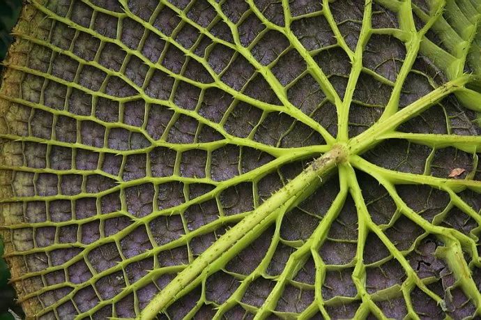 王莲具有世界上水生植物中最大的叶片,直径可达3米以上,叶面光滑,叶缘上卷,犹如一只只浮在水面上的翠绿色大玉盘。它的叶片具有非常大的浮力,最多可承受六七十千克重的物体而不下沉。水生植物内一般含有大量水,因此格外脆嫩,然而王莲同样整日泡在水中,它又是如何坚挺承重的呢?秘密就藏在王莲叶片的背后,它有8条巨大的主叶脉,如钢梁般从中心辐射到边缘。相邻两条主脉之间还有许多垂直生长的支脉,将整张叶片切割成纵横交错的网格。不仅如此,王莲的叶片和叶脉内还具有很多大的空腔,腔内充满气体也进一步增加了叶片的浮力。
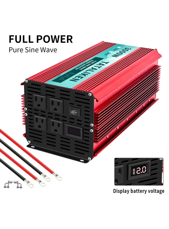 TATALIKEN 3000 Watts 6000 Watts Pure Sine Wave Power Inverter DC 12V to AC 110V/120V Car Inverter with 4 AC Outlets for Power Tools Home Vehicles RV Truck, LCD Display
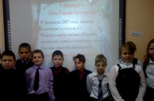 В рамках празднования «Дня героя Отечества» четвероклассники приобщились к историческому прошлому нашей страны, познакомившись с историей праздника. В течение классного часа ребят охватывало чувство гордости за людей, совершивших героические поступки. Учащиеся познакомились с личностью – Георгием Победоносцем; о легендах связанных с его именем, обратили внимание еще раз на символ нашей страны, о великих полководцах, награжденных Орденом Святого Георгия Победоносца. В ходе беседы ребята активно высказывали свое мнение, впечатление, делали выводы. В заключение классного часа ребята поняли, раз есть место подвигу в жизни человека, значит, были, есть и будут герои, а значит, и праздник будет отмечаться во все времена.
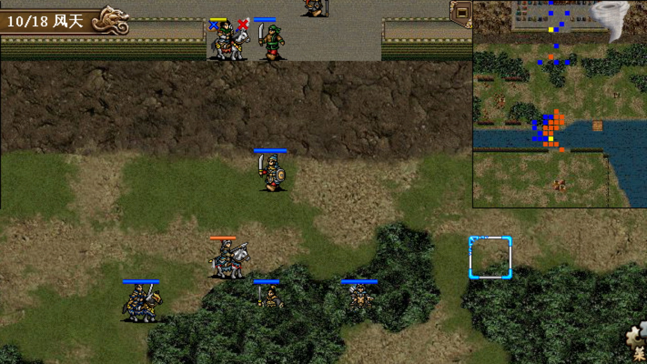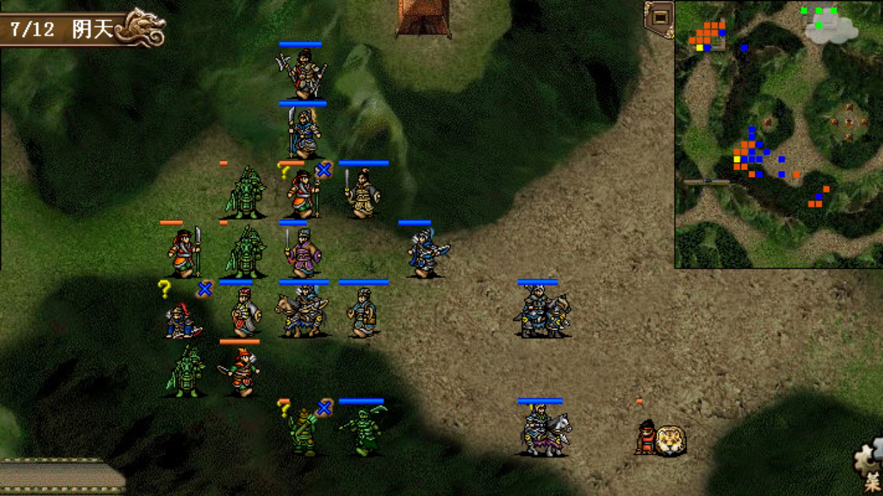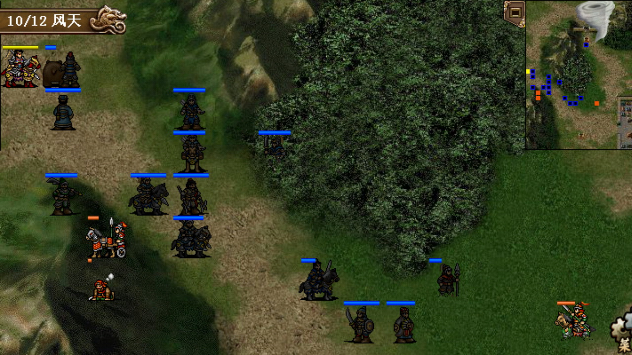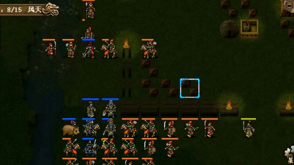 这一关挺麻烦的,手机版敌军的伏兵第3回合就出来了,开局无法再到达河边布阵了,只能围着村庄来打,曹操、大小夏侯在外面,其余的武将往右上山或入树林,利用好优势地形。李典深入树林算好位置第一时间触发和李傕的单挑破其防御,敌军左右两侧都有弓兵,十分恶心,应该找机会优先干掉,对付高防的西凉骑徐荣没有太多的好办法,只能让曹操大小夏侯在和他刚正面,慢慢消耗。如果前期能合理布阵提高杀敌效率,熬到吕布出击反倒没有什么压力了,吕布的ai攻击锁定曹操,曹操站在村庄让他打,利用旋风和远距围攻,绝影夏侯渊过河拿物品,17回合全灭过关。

__Problem requirements__. Copy exactly, and only, the lines running from the one containing "TATALIKEN 3000 Watts" through the final line of the data, and omit the pictures.

__Answer box__.
 TATALIKEN 3000 Watts 6000 Watts Pure Sine Wave Power Inverter DC 12V to AC 110V/120V Car Inverter with 4 AC Outlets for Power Tools Home Vehicles RV Truck, LCD Display
 В рамках празднования «Дня героя Отечества» четвероклассники приобщились к историческому прошлому нашей страны, познакомившись с историей праздника. В течение классного часа ребят охватывало чувство гордости за людей, совершивших героические поступки. Учащиеся познакомились с личностью – Георгием Победоносцем; о легендах связанных с его именем, обратили внимание еще раз на символ нашей страны, о великих полководцах, награжденных Орденом Святого Георгия Победоносца. В ходе беседы ребята активно высказывали свое мнение, впечатление, делали выводы. В заключение классного часа ребята поняли, раз есть место подвигу в жизни человека, значит, были, есть и будут герои, а значит, и праздник будет отмечаться во все времена.
 这一关挺麻烦的,手机版敌军的伏兵第3回合就出来了,开局无法再到达河边布阵了,只能围着村庄来打,曹操、大小夏侯在外面,其余的武将往右上山或入树林,利用好优势地形。李典深入树林算好位置第一时间触发和李傕的单挑破其防御,敌军左右两侧都有弓兵,十分恶心,应该找机会优先干掉,对付高防的西凉骑徐荣没有太多的好办法,只能让曹操大小夏侯在和他刚正面,慢慢消耗。如果前期能合理布阵提高杀敌效率,熬到吕布出击反倒没有什么压力了,吕布的ai攻击锁定曹操,曹操站在村庄让他打,利用旋风和远距围攻,绝影夏侯渊过河拿物品,17回合全灭过关。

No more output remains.